* [WHAT TO WORK ON]
Every entry in the data is to be written out exactly; no picture belongs in the copy.

BEGIN RAW DATA

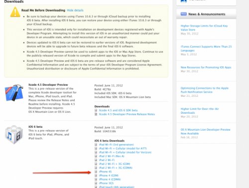 第七步:下載與你的設備所對應的測試版(如果是iPhone 4S,就是箭頭所指方向)
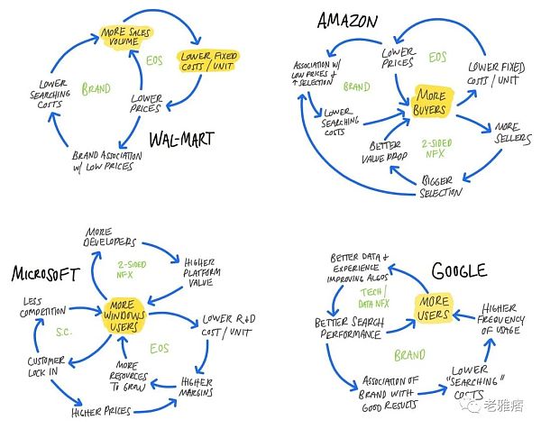 亚马逊作为一个独立的平台,其电子商务量比Shopify店面要大。Steam所获得的收入比单个游戏工作室还要多。为什么?归根结底是客户选择了具有最大选择性和最小摩擦的商店。选择的数量越多,商业活动集中于某一途径的可能性就越大,从而使平台更容易提供更多的选择,同时由于经营规模而保持成本低廉,这就是现代商业的飞轮效应,Max Olson不久前在Twitter上对这些工作做了一个很好的可视化。
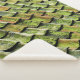 Close-up photo of green shingle roof sherpa blanket
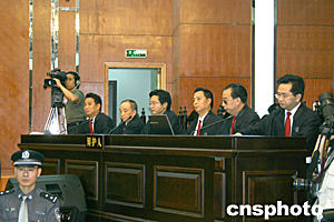 “一二·二三”特大井噴事故案今天上午九時三十分在重慶市第二中級人民法院開庭審理。圖為辯護人在法庭上。作者:鄒輝
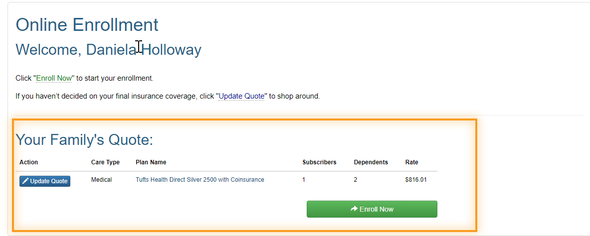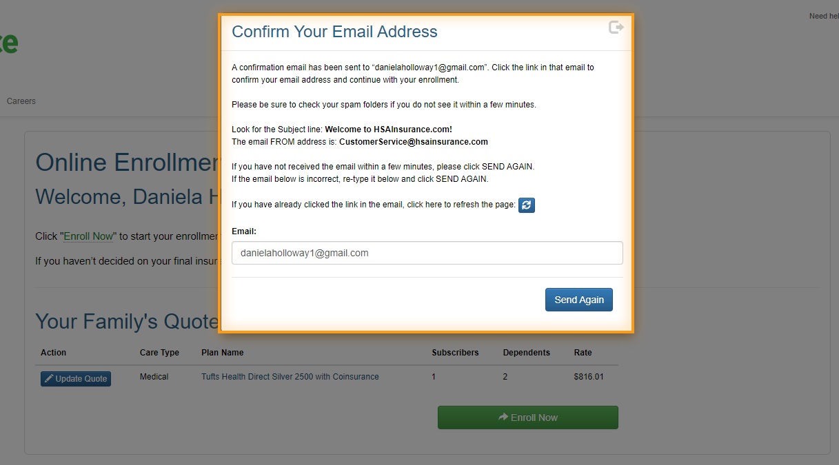 After you verify your email address HSA Insurance will display your chosen plan information. You will have the opportunity to change from your selected plan by clicking Update Quote. Otherwise, click Enroll Now to complete the purchase of your new plan.
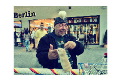 Charlottenburg, auf dem Rückweg zu unserem Hotel an der Liegnitzer Straße. Ein Karren, davor ein Mann unbestimmten Alters. Beim Näherkommen sehen wir die Ratten, drei große Tiere und zwei kleine. Die Kleinen ruhen sich im Käfig aus, die großen laufen auf ihm herum wie winzige Katzen, rollen sich auf den Rücken, lassen sich von ihm am Bauch kraulen, fast glaube ich ihr Schnurren hören zu können. Wir kommen ins Gespräch, Belanglosigkeiten, dabei erfahren wir, dass er aus Prag kommt.
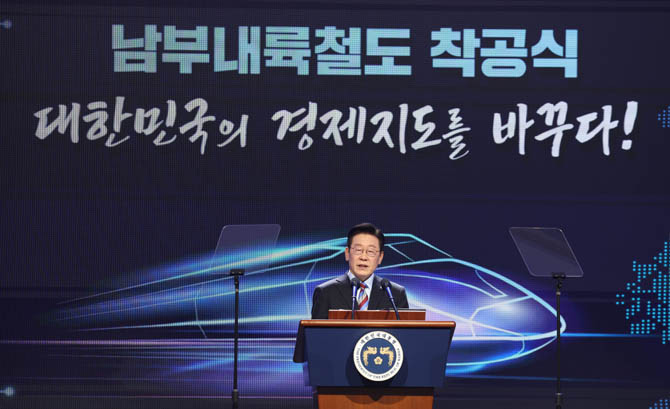 어어 이 대통령은 "주민들은 타지를 가려면 오랜 시간 차를 타야 했고, 청년들은 일자리를 찾아 먼 도시로 떠나야 했다. 동네에서 기차역 하나 없는 설움이 시간이 지나며 지역의 경쟁력을 떨어뜨렸고, 끝내 지역의 소멸 위기까지 불러오고 있다"며 "그래서 남부내륙철도는 단순히 선로 하나를 놓는 사업이 아니다"고 강조했다.
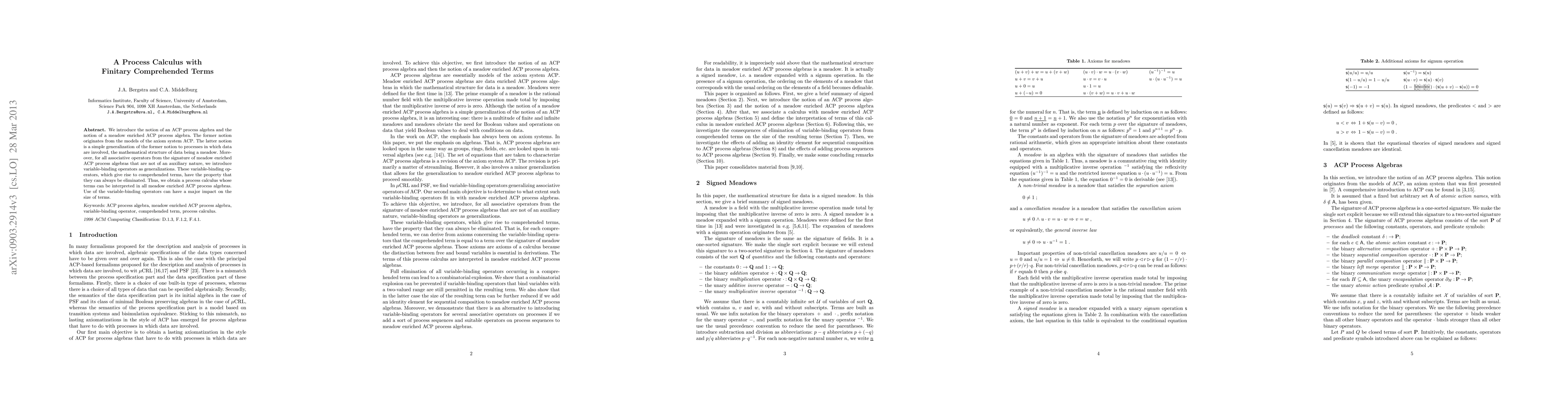 We introduce the notion of an ACP process algebra and the notion of a meadow enriched ACP process algebra. The former notion originates from the models of the axiom system ACP. The latter notion is a simple generalization of the former notion to processes in which data are involved, the mathematical structure of data being a meadow. Moreover, for all associative operators from the signature of meadow enriched ACP process algebras that are not of an auxiliary nature, we introduce variable-binding operators as generalizations. These variable-binding operators, which give rise to comprehended terms, have the property that they can always be eliminated. Thus, we obtain a process calculus whose terms can be interpreted in all meadow enriched ACP process algebras. Use of the variable-binding operators can have a major impact on the size of terms.

END RAW DATA

* [WRITTEN SOLUTION]
 第七步:下載與你的設備所對應的測試版(如果是iPhone 4S,就是箭頭所指方向)
 亚马逊作为一个独立的平台,其电子商务量比Shopify店面要大。Steam所获得的收入比单个游戏工作室还要多。为什么?归根结底是客户选择了具有最大选择性和最小摩擦的商店。选择的数量越多,商业活动集中于某一途径的可能性就越大,从而使平台更容易提供更多的选择,同时由于经营规模而保持成本低廉,这就是现代商业的飞轮效应,Max Olson不久前在Twitter上对这些工作做了一个很好的可视化。
 Close-up photo of green shingle roof sherpa blanket
 “一二·二三”特大井噴事故案今天上午九時三十分在重慶市第二中級人民法院開庭審理。圖為辯護人在法庭上。作者:鄒輝
 After you verify your email address HSA Insurance will display your chosen plan information. You will have the opportunity to change from your selected plan by clicking Update Quote. Otherwise, click Enroll Now to complete the purchase of your new plan.
 Charlottenburg, auf dem Rückweg zu unserem Hotel an der Liegnitzer Straße. Ein Karren, davor ein Mann unbestimmten Alters. Beim Näherkommen sehen wir die Ratten, drei große Tiere und zwei kleine. Die Kleinen ruhen sich im Käfig aus, die großen laufen auf ihm herum wie winzige Katzen, rollen sich auf den Rücken, lassen sich von ihm am Bauch kraulen, fast glaube ich ihr Schnurren hören zu können. Wir kommen ins Gespräch, Belanglosigkeiten, dabei erfahren wir, dass er aus Prag kommt.
 어어 이 대통령은 "주민들은 타지를 가려면 오랜 시간 차를 타야 했고, 청년들은 일자리를 찾아 먼 도시로 떠나야 했다. 동네에서 기차역 하나 없는 설움이 시간이 지나며 지역의 경쟁력을 떨어뜨렸고, 끝내 지역의 소멸 위기까지 불러오고 있다"며 "그래서 남부내륙철도는 단순히 선로 하나를 놓는 사업이 아니다"고 강조했다.
 We introduce the notion of an ACP process algebra and the notion of a meadow enriched ACP process algebra. The former notion originates from the models of the axiom system ACP. The latter notion is a simple generalization of the former notion to processes in which data are involved, the mathematical structure of data being a meadow. Moreover, for all associative operators from the signature of meadow enriched ACP process algebras that are not of an auxiliary nature, we introduce variable-binding operators as generalizations. These variable-binding operators, which give rise to comprehended terms, have the property that they can always be eliminated. Thus, we obtain a process calculus whose terms can be interpreted in all meadow enriched ACP process algebras. Use of the variable-binding operators can have a major impact on the size of terms.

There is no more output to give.